The RFSD is hosted on 🤗 Hugging Face and Zenodo and is stored in a structured, column-oriented, compressed binary format Apache Parquet with yearly partitioning scheme, enabling end users to query only variables of interest at scale.
The accompanying paper provides internal and external validation of the data: https://doi.org/10.1038/s41597-025-05150-1.
Here we present the code used to create the data set, as well as the instructions for importing the data in an R or Python environment and use cases.
You have two options to ingest the data: download the .parquet
files manually from Hugging Face or Zenodo or rely on 🤗 Hugging Face Datasets library.
It is as easy as:
from datasets import load_dataset
import polars as pl
# This line will download 6.6 GB+ of all RFSD data and store it in a 🤗 cache folder
RFSD = load_dataset('irlspbru/RFSD')
# Alternatively, this will download ~540 MB with all financial statements for 2023
# to a Polars DataFrame (requires about 8 GB of RAM)
RFSD_2023 = pl.read_parquet('hf://datasets/irlspbru/RFSD/RFSD/year=2023/*.parquet')
We provide a file in aux/descriptive_names_dict.csv
which can be used to change the original names of financial variables to user-friendly ones, e.g., B_revenue
and CFo_materials
in lieu of line_2110
and line_4121
, respectively.
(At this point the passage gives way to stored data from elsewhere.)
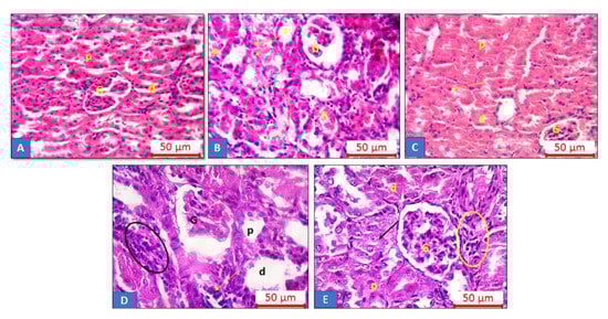Kidney tissue samples from each rat were harvested; then, the specimens were fixed in Blouin’s Solution, dehydrated in ascending degrees of alcohol, cleared with xylene, rapidly embedded in paraffin wax, and sectioned (5 µm thickness). The sections were stained with H&E []. The prepared slides were then examined under light microscopy (Olympus CX23LEDRFS1, Olympus, Tokyo, Japan) to study the histopathological changes.
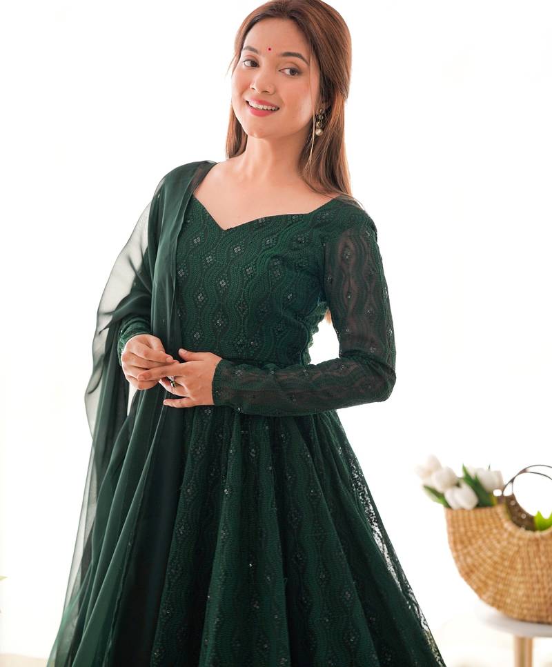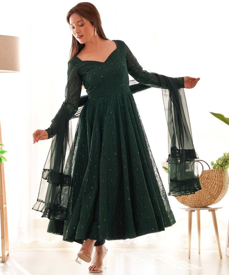 Timeless havy lukhnowi georgette green readymade salwar suit stitched
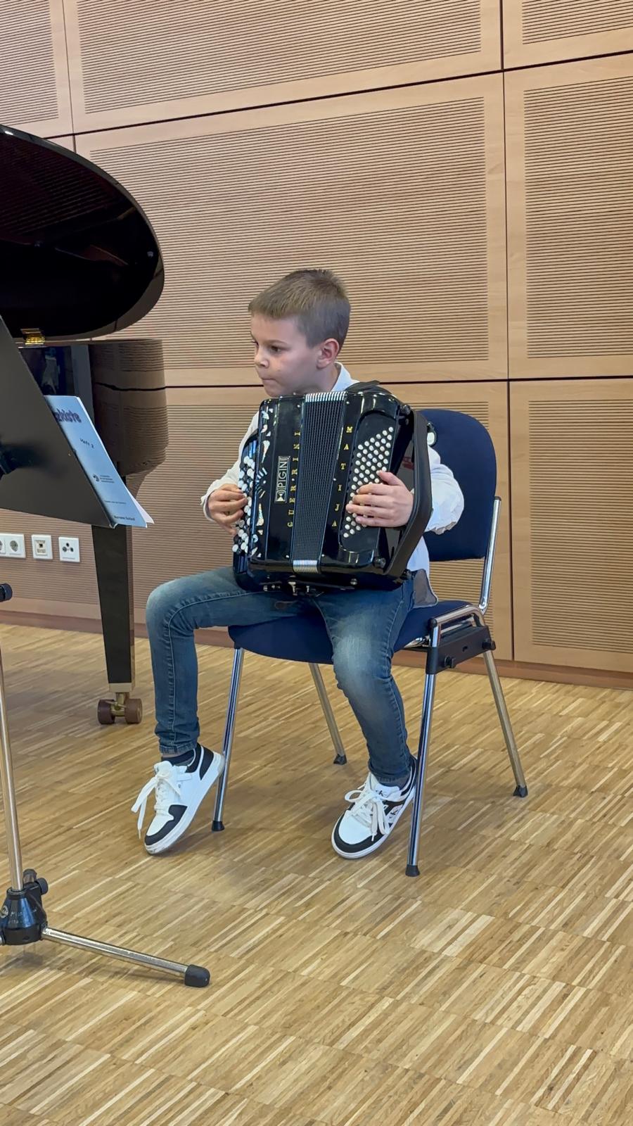 In einer herzlichen Atmosphäre zeigten die Nachwuchsmusikerinnen und -musiker ihr Talent auf den verschiedensten Instrumenten: Akkordeon, Klavier, Violine, Cello, Querflöte, Gitarre und sogar die Harfe waren vertreten. Mit viel Begeisterung, Lampenfieber und Stolz erfüllten sie den Konzertsaal mit Musik – von ersten Melodien bis hin zu kleinen Ensemblebeiträgen.

Prefixes are for disambiguation purposes: B_
stands for balance sheet variables, PL_
— profit and loss statement, CFi_
and CFo
— cash inflows and cash outflows, etc. (One can find all the variable definitions in the supplementary materials table in the accompanying paper and consult the original statement forms used by firms: full is KND 0710099
, simplified — KND 0710096
.)
# Give suggested descriptive names to variables
renaming_df = pl.read_csv('https://raw.githubusercontent.com/irlcode/RFSD/main/aux/descriptive_names_dict.csv')
RFSD = RFSD.rename({item[0]: item[1] for item in zip(renaming_df['original'], renaming_df['descriptive'])})
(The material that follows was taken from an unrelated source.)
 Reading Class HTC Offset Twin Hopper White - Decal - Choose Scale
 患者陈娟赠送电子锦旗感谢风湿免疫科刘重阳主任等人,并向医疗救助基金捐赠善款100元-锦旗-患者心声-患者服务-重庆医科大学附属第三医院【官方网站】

Please note that the data is not shuffled within year, meaning that streaming the first n rows will not yield a random sample.
Importing in Python requires pyarrow
package installed.
import pyarrow.dataset as ds
import polars as pl
# Read RFSD metadata from local file
RFSD = ds.dataset("local/path/to/RFSD", partitioning="hive")
# Use RFSD_dataset.schema to glimpse the data structure and columns' classes
print(RFSD.schema)
# Load full dataset into memory
RFSD_full = pl.from_arrow(RFSD.to_table())
# Load only 2019 data into memory
RFSD_2019 = pl.from_arrow(RFSD.to_table(filter=ds.field('year') == 2019))
# Load only revenue for firms in 2019, identified by taxpayer id
RFSD_2019_revenue = pl.from_arrow(
RFSD.to_table(
filter=ds.field('year') == 2019,
columns=['inn', 'line_2110']
)
)
# Give suggested descriptive names to variables
renaming_df = pl.read_csv('local/path/to/descriptive_names_dict.csv')
RFSD_full = RFSD_full.rename({item[0]: item[1] for item in zip(renaming_df['original'], renaming_df['descriptive'])})
Importing in R requires arrow
package installed.
library(arrow)
library(data.table)
# Read RFSD metadata from local file
RFSD <- open_dataset("local/path/to/RFSD")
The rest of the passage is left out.